One promising area, Bologna adds, is phyto-technologies, which use natural plantings to uptake and sequester certain contaminants that would otherwise be discharged into the environment.

Drones are another the company can use technology in its projects.

“Drones are very useful in gathering large fields of data and allow our surveyors to map and document shoreline conditions for asset management, flood risk assessments, and shoreline stabilization projects.”

Coastal also works to preserve the region’s rich stock of historic structures. The company recently completed a structural stabilization project of Pilgrim Monument in Provincetown, which included installing a new internal structural support system while preserving the historical integrity of the inner stair/ramp system via a state-of-the-art polymer fiber exoskeleton system.

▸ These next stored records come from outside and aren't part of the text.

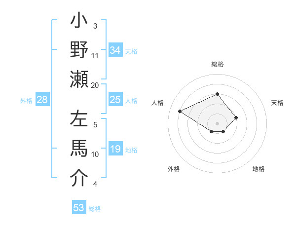 小野瀬 左馬介さんを姓名の画数から五運を鑑定
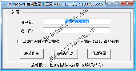 支持 xp/2003/ 系统 自动登录,win9x/2000/vista/win7 没有测试过~提供附加自动登录注销有效和屏蔽shft键功能
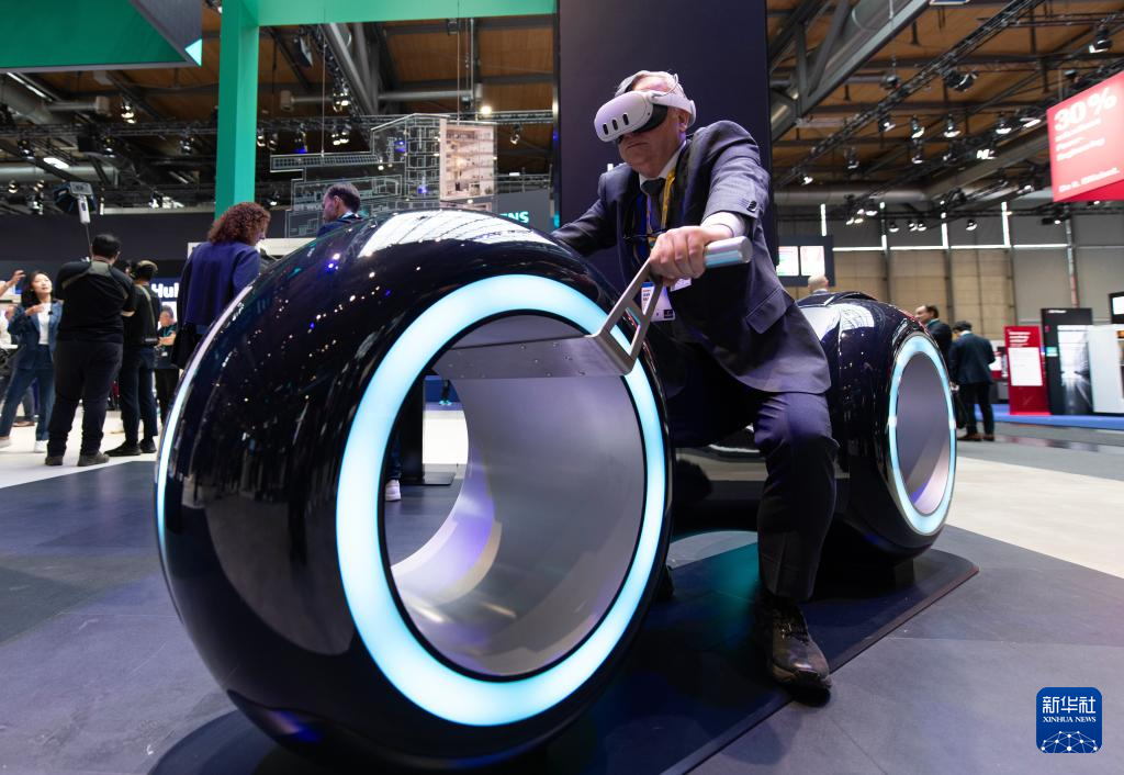 4月20日,一名男子在德国汉诺威工业博览会西门子展区体验一款VR设备。新华社记者 张豪夫 摄
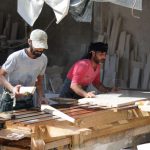 الحرفي فراس عبد الكريم جريش ورث هذه المهنة عن اجداده أيضا وبين أن آلية عمله تتمثل بنشر الحجر القادم من المقالع على شكل ألواح ومن ثم تقطيعها حسب طلب الزبون لافتا إلى أن الحجر اتسعت مجالات استخداماته فبات يطلب للمجالي والمطابخ وملابن الأبواب والنوافذ وتلبيس المنازل والنحت ويقدر إنتاجه اليومي بنحو 100 متر واعتماده يتركز أكثر على بيع الكتل الحجرية.
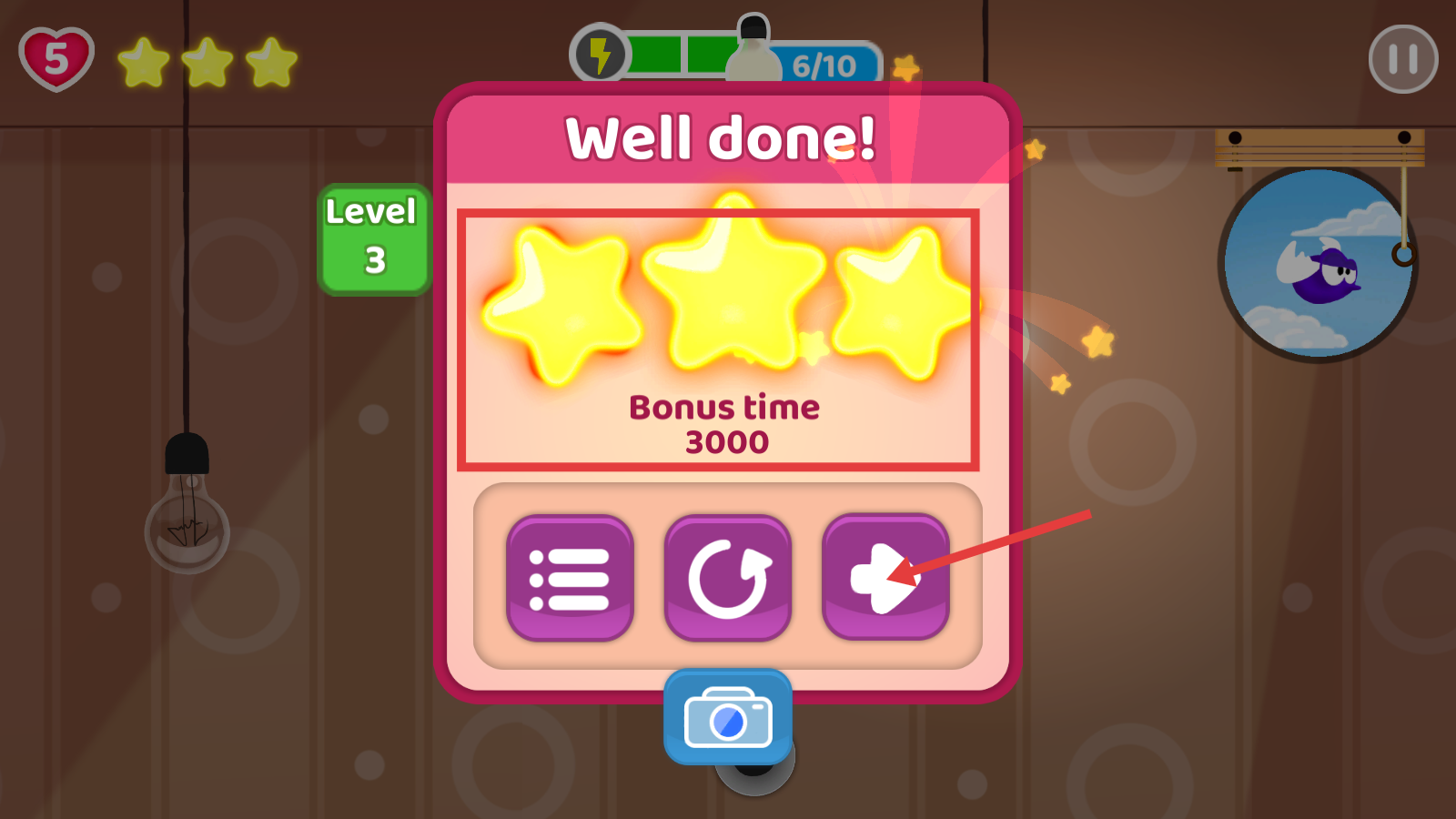 4、通关后若出现【Well-done!】界面且获得三星评价,点击紫色箭头按钮,即可进入下一关继续挑战。
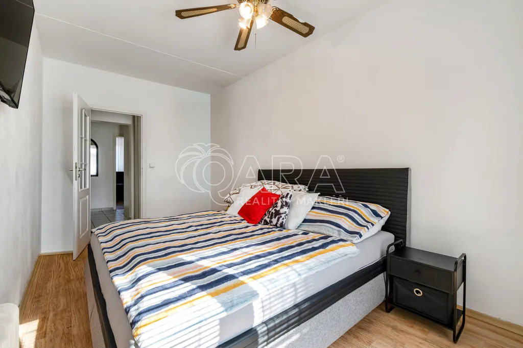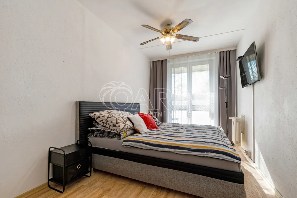 Samotný byt se nachází v 1. patře zatepleného panelového domu s výtahem a skvěle fungujícím SVJ. Dispozice bytu je velmi praktická – z chodby se dostanete do všech místností. Obývací pokoj a kuchyně jsou separátní, obě ložnice jsou dostatečně prostorné a neprůchozí. Koupelna disponuje rohovou vanou, prostorem pro pračku, toaleta je oddělená. Jednotka je celkově ve velmi dobrém a udržovaném stavu. Navíc máte k dispozici i balkon, kde si v budoucnu můžete vychutnávat příjemné chvilky na vzduchu. K bytu náleží komora v chodbě na patře a dále sklepní kóje v suterénu domu.
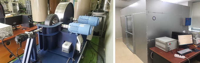▲실제 타이어 마모 시뮬레이터(왼쪽)와 시뮬레이터가 설치된 챔버
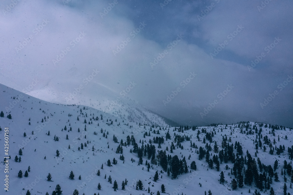 Russia, Ural Mountains, Dyatlov Pass place, winter, snow.
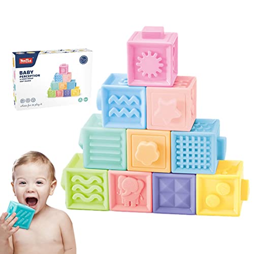 Mini Tudou 12PCS Baby Blocks Soft Building Blocks Baby Toys Teethers Toy Educational Squeeze Play with Numbers Animals Shapes Textures 6 Months and Up
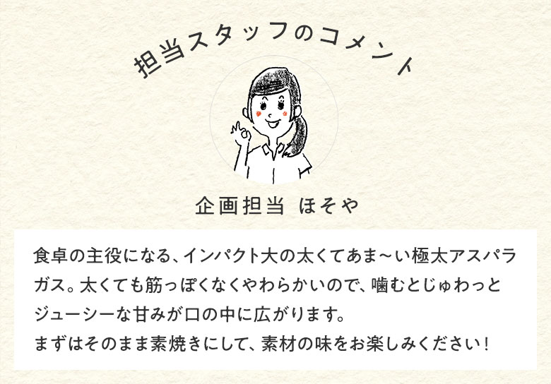 食卓の主役になる、インパクト大の太くてあま〜い極太アスパラガス。太くても筋っぽくなくやわらかいので、噛むとじゅわっとジューシーな甘みが口の中に広がります。まずはそのまま素焼きにして、素材の味をお楽しみください!
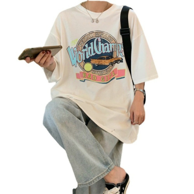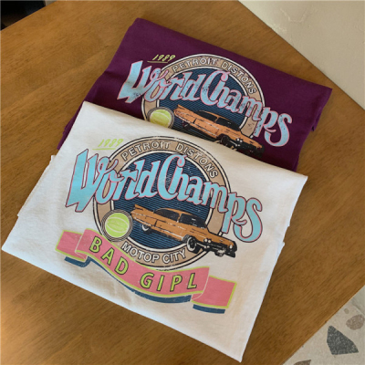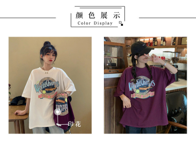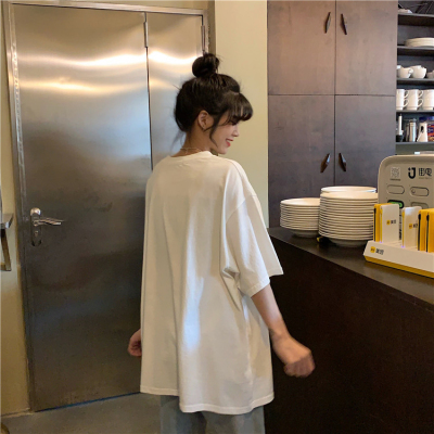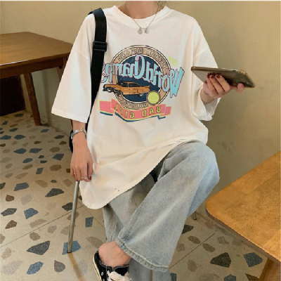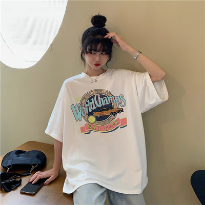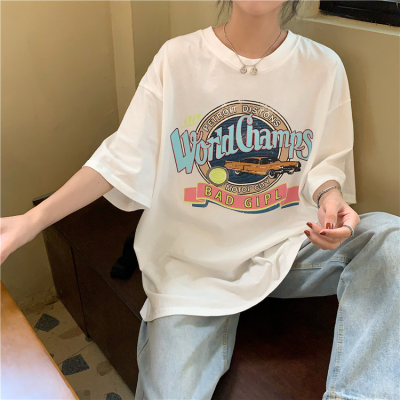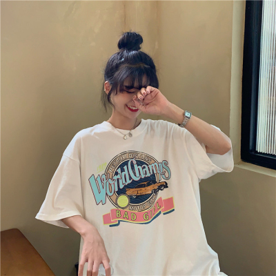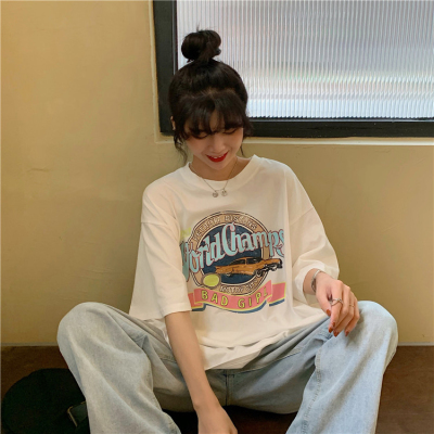 韓國外貿夏季韓版新款原宿風下衣失蹤印花寬鬆短袖T恤上衣女裝ins
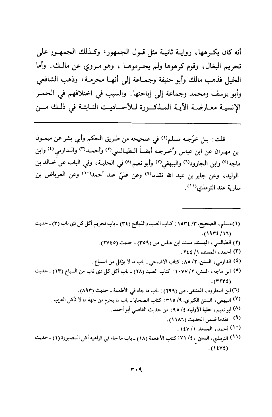 قلت: بل خرّجه مسلم في صحيحه من طريق الحكم وأبي بشر عن ميمون بن مهران عن ابن عباس وأخرجه أيضًا الطيالسي وأحمد والدارمي وابن ماجه وابن الجارود والبيهقي وأبو نعيم في الحلية، وفي الباب عن خالد بن الوليد، وعن جابر بن عبد الله تقدما وعن عليّ عند أحمد وعن العرباض بن سارية عند الترمذي.
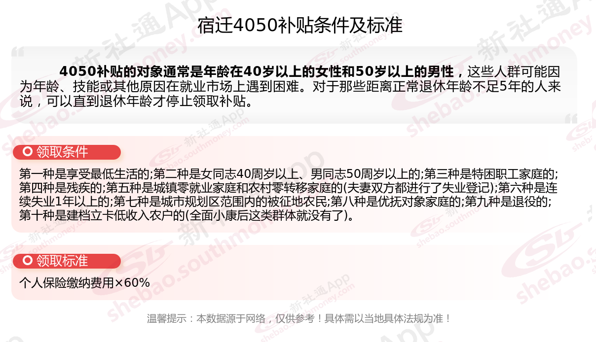 2026宿迁4050补贴主要针对的是年龄在40岁以上的女性和50岁以上的男性,这些人群通常因为年龄较大而面临就业困难。
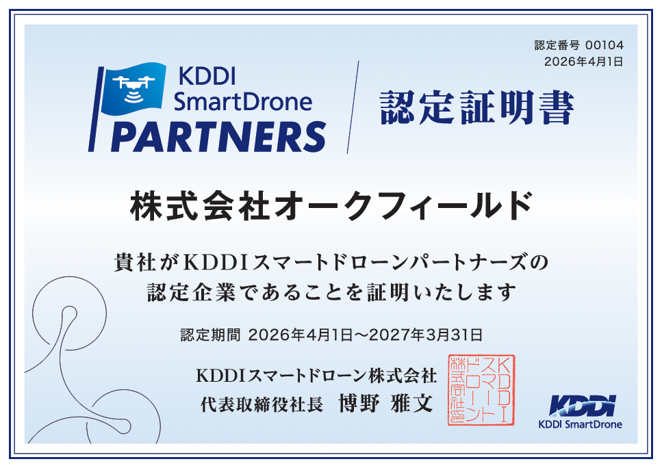 株式会社オークフィールドは、KDDIスマートドローン株式会社が提供する販売代理店として、ドローンソリューションの普及・推進に取り組んでおります。
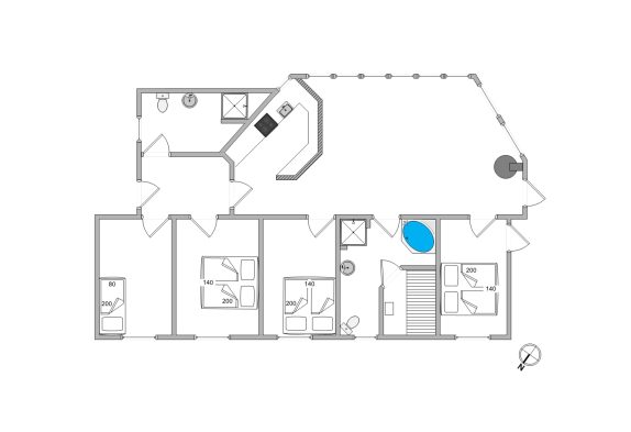 Feriehuset er dejligt rummeligt og godt indrettet, så der endda er plads til to familier. De to badeværelser har god plads, og på den ene er der oveni købet en sauna og et spabad, så I rigtig kan slappe af.
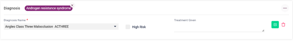 5.Diagnosis- The user can select the diagnosis from the diagnosis name drop down list, select high risk check box if the diagnosis is critical. Enter the treatment given in the field if needed. Click on the “Add” button to display the diagnosis added. Click on the added diagnosis to edit or delete it.
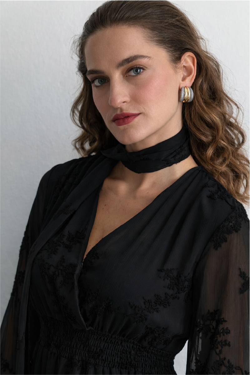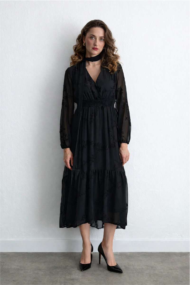 Embroidered Long Chiffon Dress with Scarf Detail Black
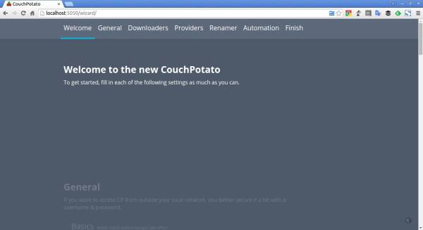 На панели инструментов CouchPotato немного прокрутите список и заполните строки в разделе General. Если вы хотите получить доступ к CP (CouchPotato) из-за пределов локальной сети, вам лучше защитить его с помощью имени пользователя и пароля.
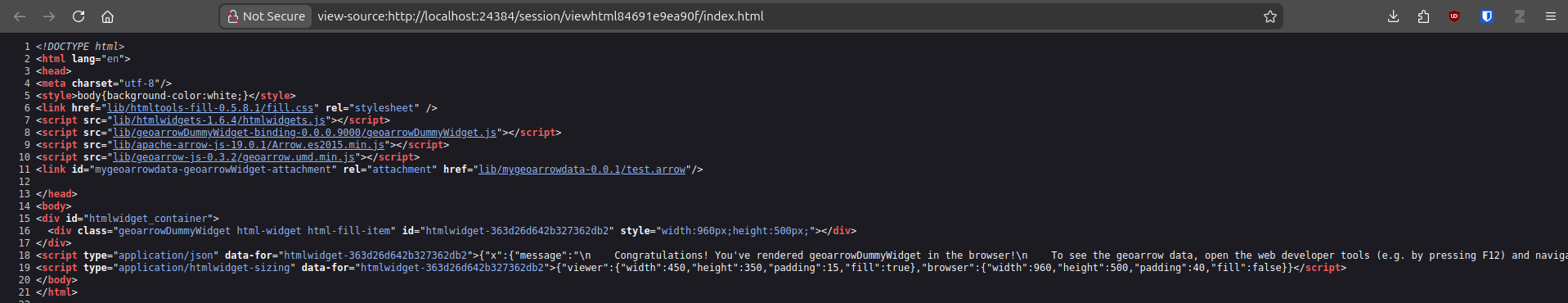 The page source (press <CTRL + u>) will look something like this, where in line 11 you see the attached test.arrow file and above the necessary scripts (arrow and geoarrow JS bindings) to process the data further in JavaScript.
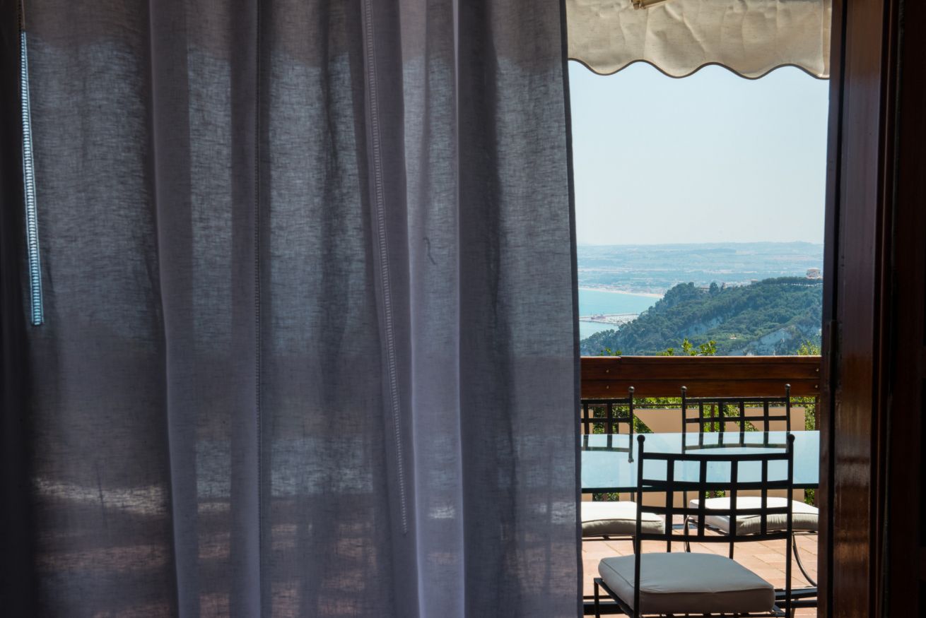 L’ampia zona living accoglie momenti conviviali e serate lente, mentre il grande terrazzo panoramico regala viste emozionanti sulla natura incontaminata del Conero.
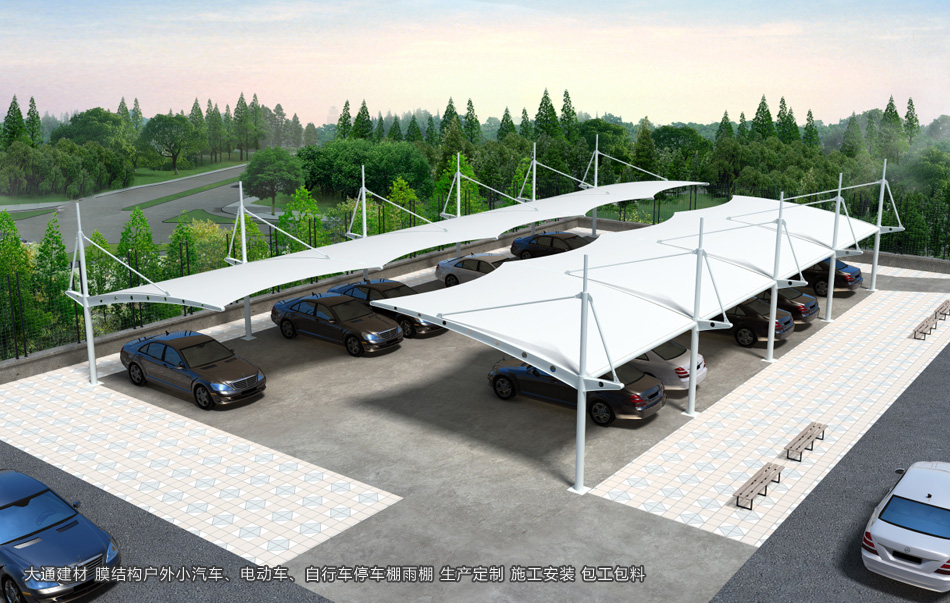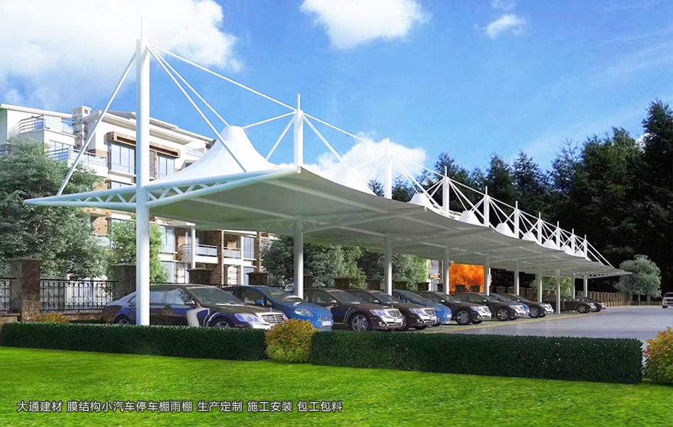 深圳大通建材小汽車充電樁鋼膜結構停車棚雨棚是指一種采用鋼結構和膜材料相結合的停車設施。它以其獨特的造型、輕盈的結構和實用的功能,受到了廣泛的關注和應用。在城市道路、商業廣場、住宅小區等場所,都可以看到膜結構停車棚雨棚的身影。深圳市大通建材是各類鋼膜結構停車棚生產源頭廠家 專業團隊 可按實際需求定制化生產 可包工包料 更多詳情請致電 13826562448 梁先生

Coastal’s work with Pilgrim Monument and Provincetown Museum is continuing with the Bradford Street Access Project, which is designed to create more of a cohesive downtown Provincetown by connecting Bradford Street to the monument grounds via an inclined elevator. Visitors to the monument atop High Pole Hill currently must either drive to the limited parking area, or climb the steep hill to reach the tourist attraction. The inclined elevator is similar to a cable trams found at many European ski resorts (and in some hilly areas like Taormina in Sicily) with an enclosed cabin that will carry up to 16 people 80 feet up to the monument. The design includes landscaping and a quaint covered pavilion that is in keeping with historic character of town, Bologna says. Construction is set to begin this year, with completion anticipated in 2020.

 

While its work has included may recognizable building projects, the coast remains the heart of the company’s countless projects. Recent projects have included providing structural engineering services for a new harbormaster’s office, garage/maintenance, and café building at Saquatucket Harbor in Harwich, a site within a flood zone; guiding Eastward Ho! Country Club through an extensive permitting process to ensure the links course’s shorefront protection; and creating a pedestrian walkway between two beaches along Weymouth’s Fore River, separated by an inaccessible rocky coastline abutting a steep, heavily vegetated coastal bank.

“With any waterfront project, it’s important to understand the coastal processes and the associated environmental regulatory requirements,” notes Bologna. “While some waterfront infrastructure projects require hard coastal engineering structures, we are seeing more of a push for ‘living shorelines’ that are designed to adapt to sea level changes with more natural processes.”